A 21st century issue: the irony of technologies of abundance in the hands of those still thinking in terms of scarcity.
real engineers build things that can kill people if they do things wrong. they have all the same pressures from management, but they still (theoretically) have standards, and licensing bodies, and like, rules and stuff.
This is part of the current problem. Software Engineers are writing lots of things that can kill you and we don't have any licensing body or laws requiring a PE to make specific applications. It generally means we can't be held responsible, but that cuts both ways. If we're working on a serious application we have nothing to hold back from management if we know the design doesn't pass muster. A PE must attach his signature to his work to approve it so a PE has leverage in the ability to refuse to do so unless the work meets his professional standards. As software engineers they can just take our work any day of the week and throw it into a production system and if we don't like it we can GTFO. So to sum up, we have the same pressures, the same dangers and moral responsibilities, with none of the leverage over management or our peers to enforce professional standards.

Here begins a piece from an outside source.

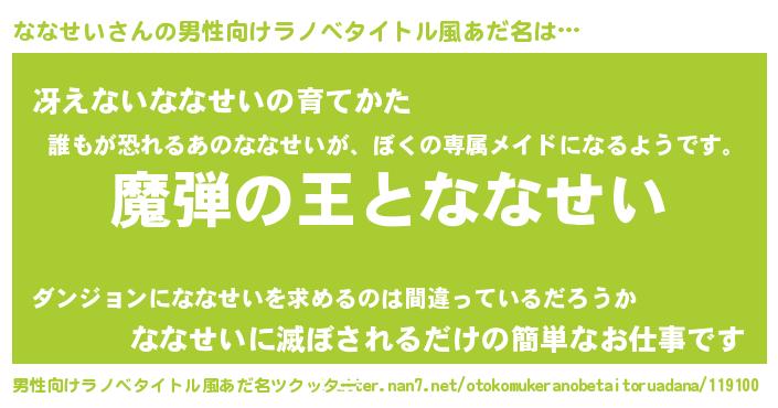 | ヒーロー風カッコイイあだ名 | 『仮面ナナダー』『ネオナナセイ』 |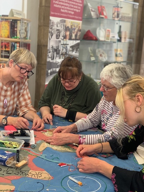 I'm very proud to be involved with a project called Spirit of Place, Radcliffe. As a part of that project Rowan Bridgwood and Corinne Cottam have designed a textile map which has been made by members of the Radcliffe, Greater Manchester community. It is a thing of beauty, and has had many stories and memories woven into its fabric. Here are some photos from the making of the textile map.

a broken word document does not. If your software runs a device that people's lives depend on, then existing negligence laws cover the device just fine (e.g. pacemakers and whatnot).
Software Liability is just the big companies trying to take control. Nothing else (well, there's a healthy dose of fearful stupidity there, but those people are silly, so I don't count 'em).
Hi! I make Firefox Plug-ins. Check 'em out @ https://addons.mozilla.org/en-US/firefox/addon/youtube-mp3-podcaster/
In that particular industry, they are held accountable. This is why the software for aviation is so heavily tested and costs many times what commercial software costs.
APK likes to ask for responses to the same things over and over. Maybe he just likes the responses?